Story by Sabe Fink and photos by Kate Reali
When Suzanne Winston enters a room, things happen. The very air seems charged. There is excitement, but it’s serene excitement, if such a thing exists. It’s a heightened awareness of light and beauty and possibility. Winston, a former television reporter turned home décor maven, plus entrepreneur and budding philanthropist, says, “My experience renovating homes began in Fairhope’s iconic Fruit and Nut district and Mobile’s historic Oakleigh neighborhood. Combining this background with my travels around the world, where I was exposed to beautiful things and the people who crafted them, led to my decision to open an interior design studio and shop where I can share my passion and ideas with others in our community.”
And so, Towne + Beech was born. Winston found an historic cottage, right on US 98 in Foley, with additional property to be developed in the future. “There’s fantastic potential for growth right here, with so much going with the Main Street Foley initiative,” she says. “Plus, it’s central to the entire area – the Eastern Shore, the beach communities, and even Mobile and Pensacola.” The shop serves as a showroom for everything from furniture and kitchen appliances and rugs to wallpaper and fabric samples, window treatments, cabinet knobs and drawer pulls, tableware and lighting fixtures. It’s a place to see – and source – just about everything imaginable for an entirely new home, for a total renovation or just a simple facelift.
Towne + Beech is small and sweet, but mighty in its breadth of inspiration and imagination. The shop includes an up to date working kitchen designed by Winston, with the good bones of the original, complete with plaster walls over heart pine. “We managed to save an original kitchen cabinet with delicate curved ends, and we incorporated it into the room for very efficient storage space.” The kitchen features high-end appliances, all able to be sourced through the shop, and all is ready for light refreshments at the end of a work session. The gas range is set into a nook in the wall, with a backsplash of Moroccan zellige tile, a glossy white square tile made by hand in a method unchanged for 10,000 years.
“Towne + Beech carries lots of items that people just won’t see anywhere else,” Winston notes. “We have tiles I have chosen from tilemakers in Morocco, and fair trade handwoven baskets made by women in the Republic of Rwanda, a hilly, landlocked country in south central Africa. By providing a market for their artisanal wares, we assist the people – mainly the women – of these countries to achieve economic stability while practicing their ancient and beautiful arts.” Rugs and textiles, stoneware and pottery, and breathtakingly beautiful glass pieces make the cottage shop into an exotic bazaar of fine home décor.
Winston notes that their clientele is really threefold: the homeowner who comes to Towne + Beech for inspiration, guidance, and professional expertise; other designers who do not have the network or access to such a broad array of stock; and custom builders, who look utilize the shop’s resources and relationships to select and source finishes for their projects.
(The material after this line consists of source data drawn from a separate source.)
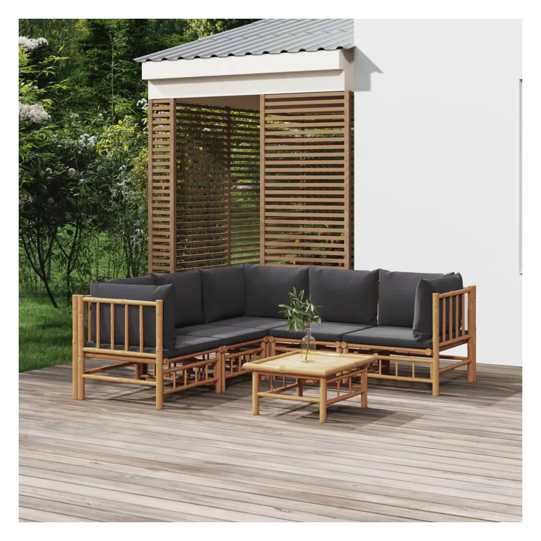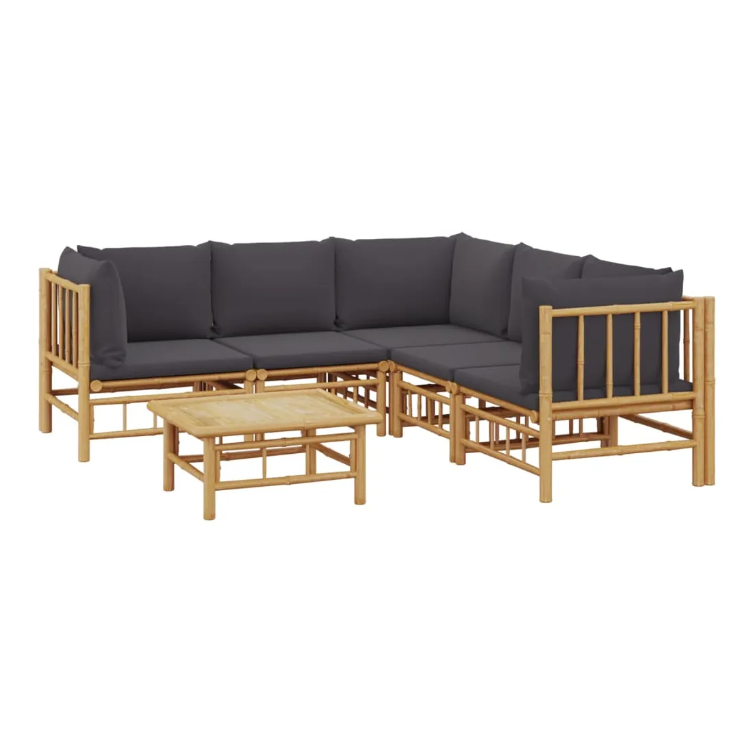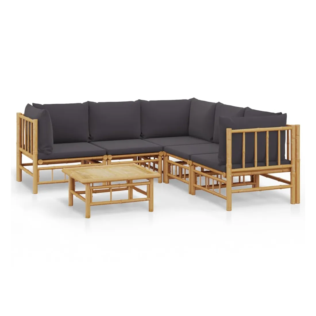 Savourez une tasse de café ou de thé par beau temps dans votre espace extérieur avec cet élégant ensemble de salon de jardin en bambou ! Matériau durable : le bambou est connu pour sa flexibilité et sa dureté. Les meubles en bambou sont une bonne option lorsque vous voulez des meubles d'extérieur solides fabriqués à partir de matériaux naturels.Expérience d'assise confortable : le dossier et l'accoudoir ajoutent un confort d'assise supplémentaire pour l'ensemble de canapé de jardin. De plus, les coussins d'assise et de dossier moelleux offrent un confort pendant votre temps d'assise.Table pratique : la table robuste est parfaite pour placer des repas, des boissons et d'autres objets décoratifs.Conception modulaire : l'ensemble de salon est flexible et facile à déplacer, vous pouvez donc le combiner avec d'autres segments modulaires dans la boutique en ligne pour créer vos propres configurations d'ensemble de salon d'extérieur ! Remarque :Pour que vos meubles d'extérieur restent beaux, nous vous recommandons de les protéger avec une housse imperméable.Bon à savoir :Pour faciliter au maximum le montage, chaque produit est livré avec des instructions.
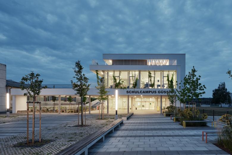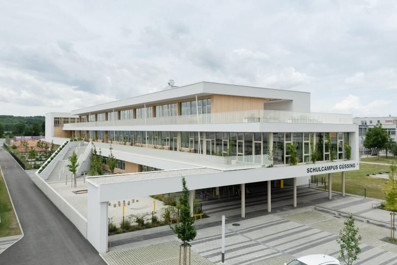 Licht – Luft – Sonne … und … Burg Güssing sind quasi die Ausgangsparameter für die Entwicklung des Schulcampus VS+ASO+ZMS im Zentrum der ausgedehnten Schulbau- und Sportanlagen entlang der Schulstraße.
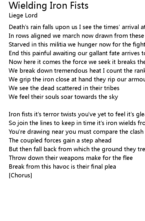 Iron fists it's terror twists you've yet to feel it's gleam insist |

For the individual homeowner, Winston finds her greatest satisfaction in helping her client tell the story of a life and create a home with a soul. “We love eclectic interiors with stories to tell, and a feel of special things collected over time,” Winston says.
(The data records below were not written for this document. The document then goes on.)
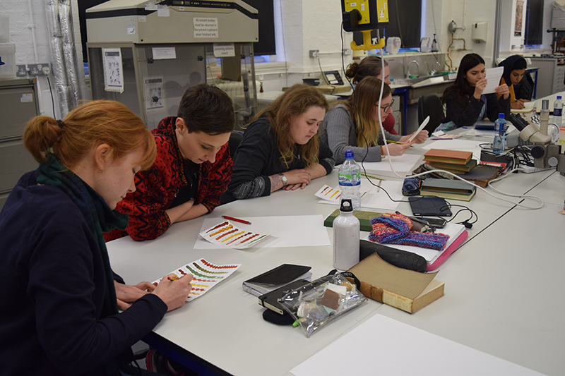 MA Conservation students at Camberwell had the opportunity to indulge in the fascinating world of medieval pigments through a series of workshops that included lectures in the morning and practical sessions in the afternoon. Second year Conservation students learnt about pigments and dyes used to paint Medieval manuscripts in European, Middle Eastern, and Asian traditions.
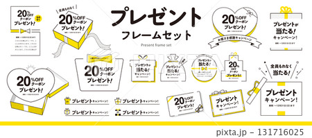 簡易禮物和禮物相框素材組(標題、標題、相框)/黃色
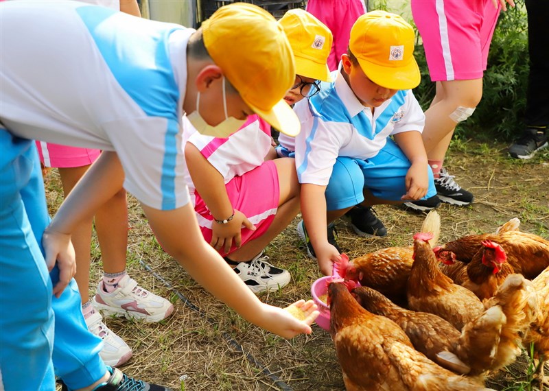 興嘉國小學童進入嘉義大學新民溫室體驗餵雞。圖∕嘉義大學提供
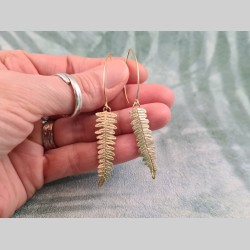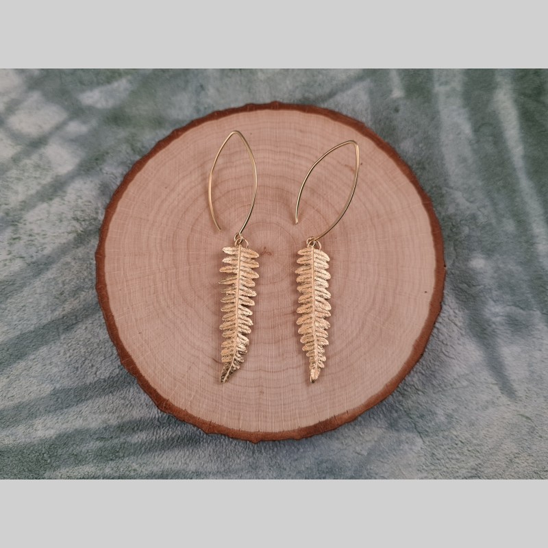 Boucles d'oreilles folioles de feuilles de fougère - plaqué or

In the near future, the shop will begin to host some intimate cooking and entertaining demonstrations, featuring many of the “Made in Alabama” foodstuffs and serving ware that Winston carries in the shop. “We have cheese boards and cheeses, jellies and spreads, artisanal Bloody Mary mixes in a plethora of flavors, and so much more. And it grows and changes every day!” Plans include expansion of the business to incorporate the existing garden area, and to add garden antiques and furnishings to the mix. “We have been asked about adding a little café and perhaps some other showroom space along the US 98 frontage, tying the property together as a cohesive unit. We’ll have to see how that plays out, but it’s certainly an intriguing idea,” Winston says. “The thing I’m most excited about for the future is the work we will soon be doing with foster and adoptive children, and with older youth who age out of foster care and need to make a home for themselves. I’d like to play a part in providing them with the sense of security and belonging that makes a place truly “home.”